Я достаю две тарелки и кладу на каждую по куску хлеба.
Завтрак готовится на двоих, потому что сегодня Мияги всё ещё дома.
Похоже, она не сбежала — её обувь стоит у входа, и я чувствую её присутствие за дверью. Мы ещё не поздоровались, но если подождать, я смогу сказать «доброе утро».
«…Доброе утро».
Это не репетиция, но я тихо бормочу себе под нос, затем намазываю хлеб кетчупом, кладу сыр, разрезанные пополам помидоры черри и ветчину. Подготовленные тосты кладу в тостер и начинаю резать капусту для салата. Нарезаю огурец и добавляю оставшиеся помидоры черри к капусте и огурцу в глубокую тарелку. В это время тостер издаёт громкий звук.

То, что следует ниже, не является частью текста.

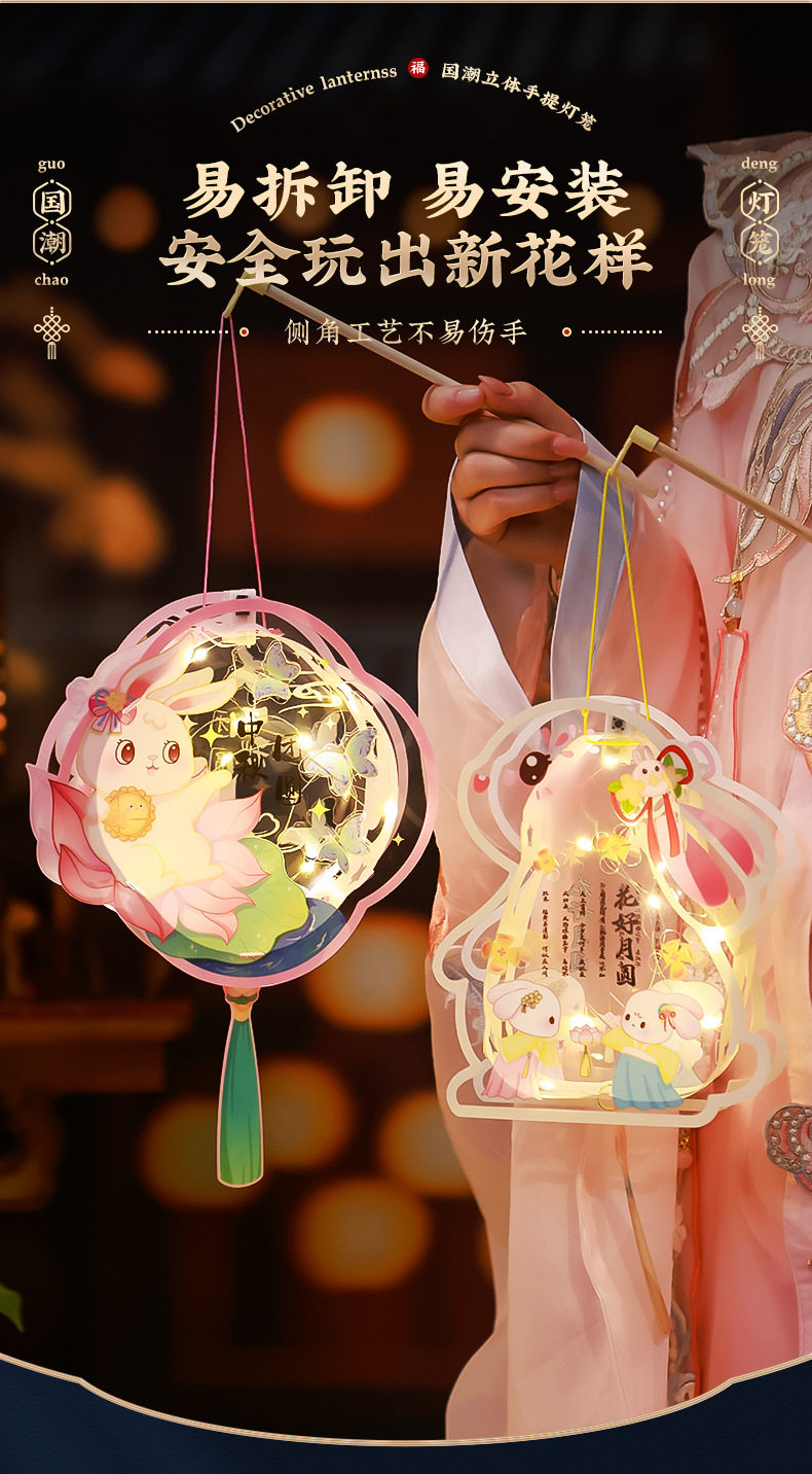 | Color | ăchang'e flying to the moonăjade rabbit lantern,ăhappy mid-autumn festivalăjade rabbit lantern,ămid-autumn reunionăjade rabbit lantern,ăbeautiful flowers and full moonăjade rabbit lantern,[jade rabbit mid-autumn festival] jade rabbit lantern,[blue butterfly] calligraphy lantern,[pink butterfly] calligraphy lantern,[red butterfly] calligraphy lantern,[purple butterfly] calligraphy lantern,ăfloweryăcalligraphy lantern,ăsplendid mountains and riversăcalligraphy lantern,ăfull moon mid-autumn festivalăjade rabbit lantern |
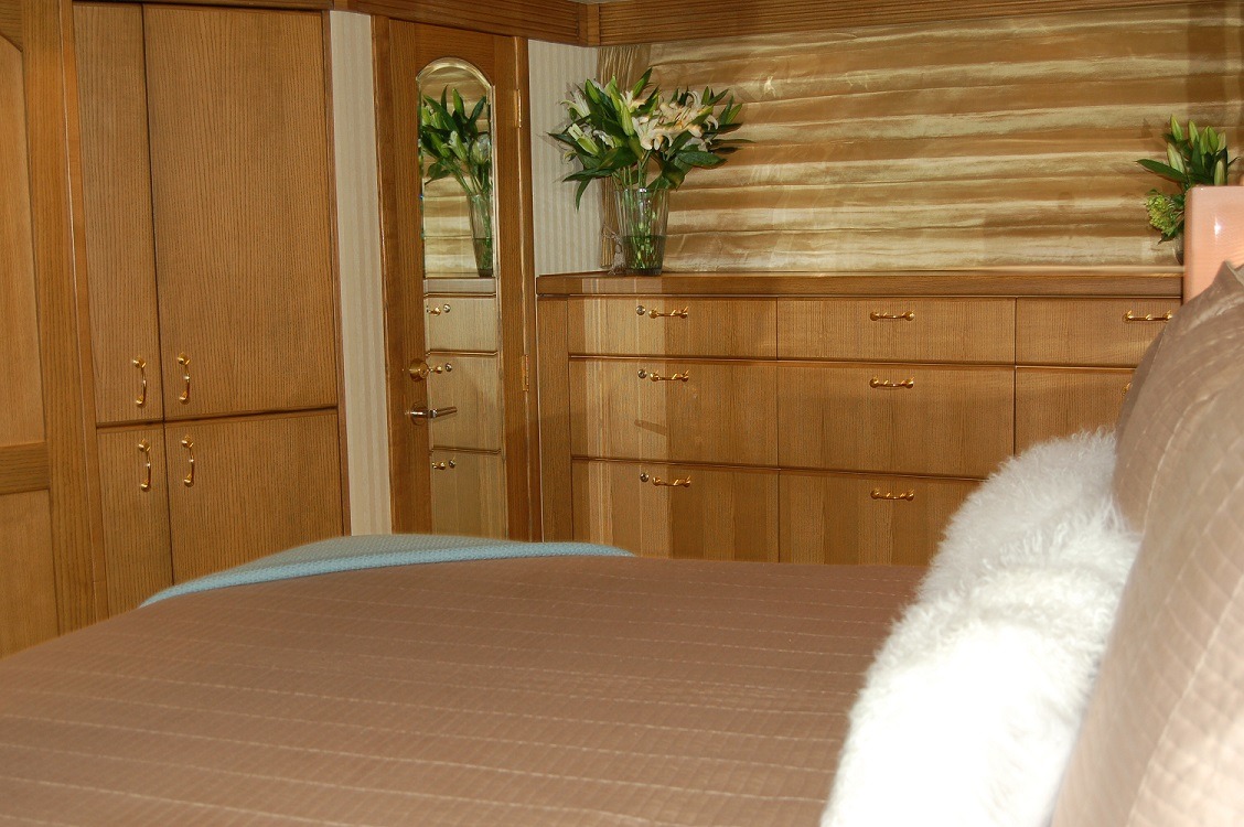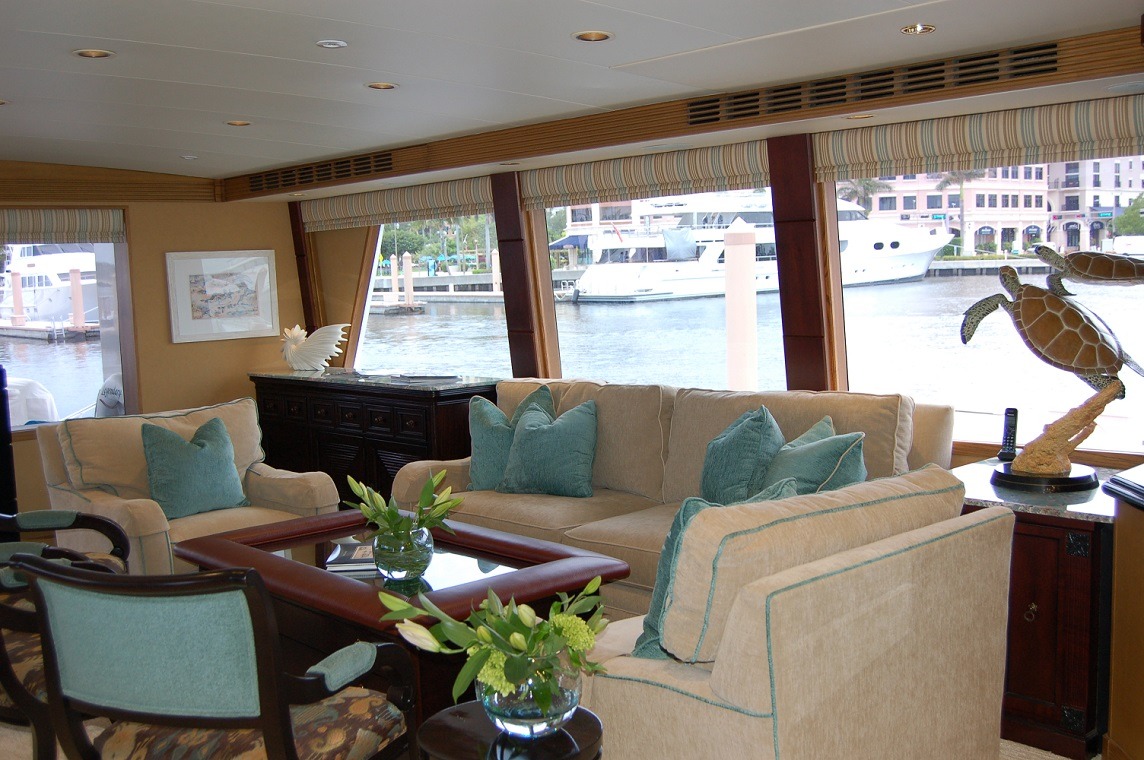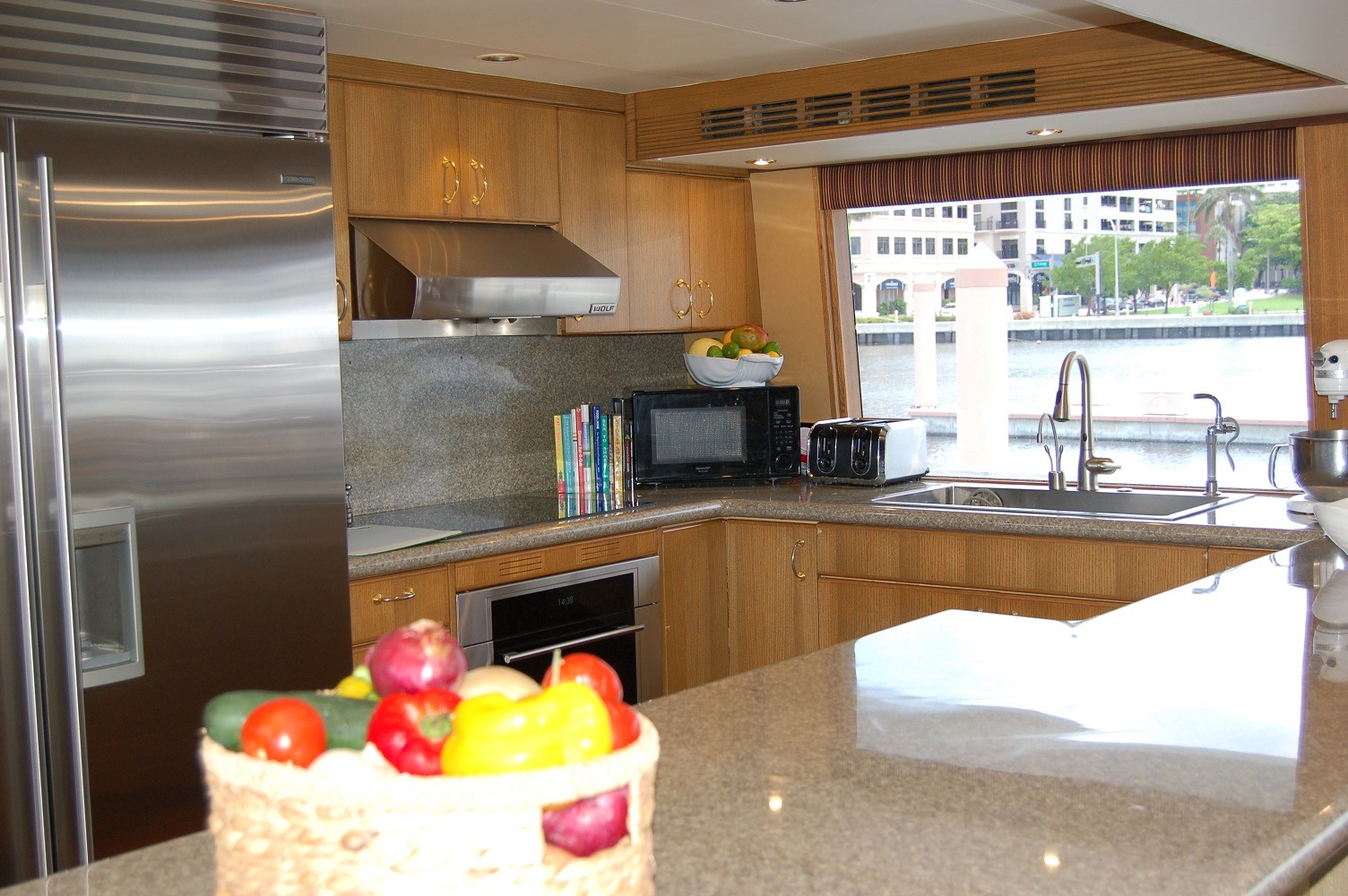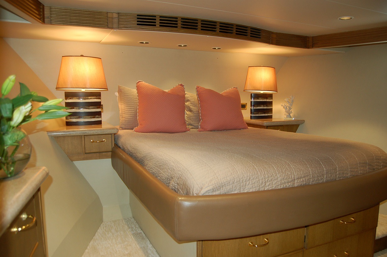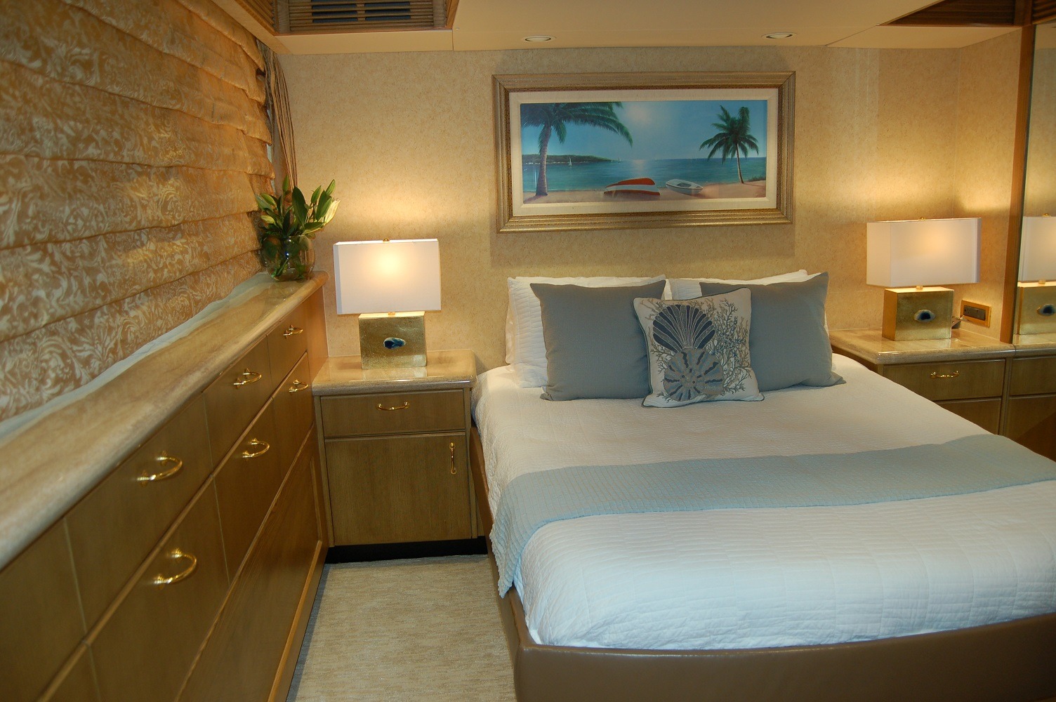 LEGENRADY'S interior layout sleeps up to 8 guests in 4 rooms. The yacht has just completed a $1,000,000 refit and is a must see! LEGENRADY'S impressive leisure and entertainment facilities make her the ideal charter yacht for socializing and entertaining with family and friends. The flybridge has a fiberglass hardtop with retractable sun roof and 62" plasma TV which is recessed in the overhead just above the helm station. There is a 2 1/2' extension on the transom which houses a fully hydraulic set of stairs and underwater platform for scuba and personal watercraft access. Underwater lights located on the swim platform will provide hours of evening underwater viewing.

Завтрак почти готов, но Мияги всё ещё не выходит из комнаты.
Я колеблюсь, стоит ли постучать в её дверь, но в итоге достаю тосты из тостера и кладу их на тарелки. Хорошо бы добавить базилик, но его у меня нет, так что сбрызгиваю тосты оливковым маслом и посыпаю перцем.
Бросаю взгляд на дверь комнаты Мияги, но она не открывается.
Ставлю салат и пицца-тосты на стол, достаю из холодильника апельсиновый сок. Наливаю оранжевую жидкость в стакан и тихо вздыхаю.
Я готовила завтрак не для того, чтобы есть в одиночестве.
Пицца-тосты и салат — для нас двоих, и я подхожу к двери её комнаты.
Три глубоких вдоха.
Сжимаю и разжимаю руки, затем снова сжимаю их в кулаки.
Я нервничаю, хотя это не первый раз, когда я стучу в дверь Мияги.
Тук — один раз стучу в дверь.
Изнутри не доносится ни звука.
На этот раз стучу громче: тук-тук. Слышу её голос: «Что?»
«Мияги, завтрак готов».
Я стараюсь говорить своим обычным голосом.
Десять, может, пятнадцать секунд.
Может, больше, но через некоторое время Мияги выходит из комнаты. Однако она смотрит вниз, и наши взгляды не встречаются. Я говорю «доброе утро», хотя она всё ещё не поднимает головы.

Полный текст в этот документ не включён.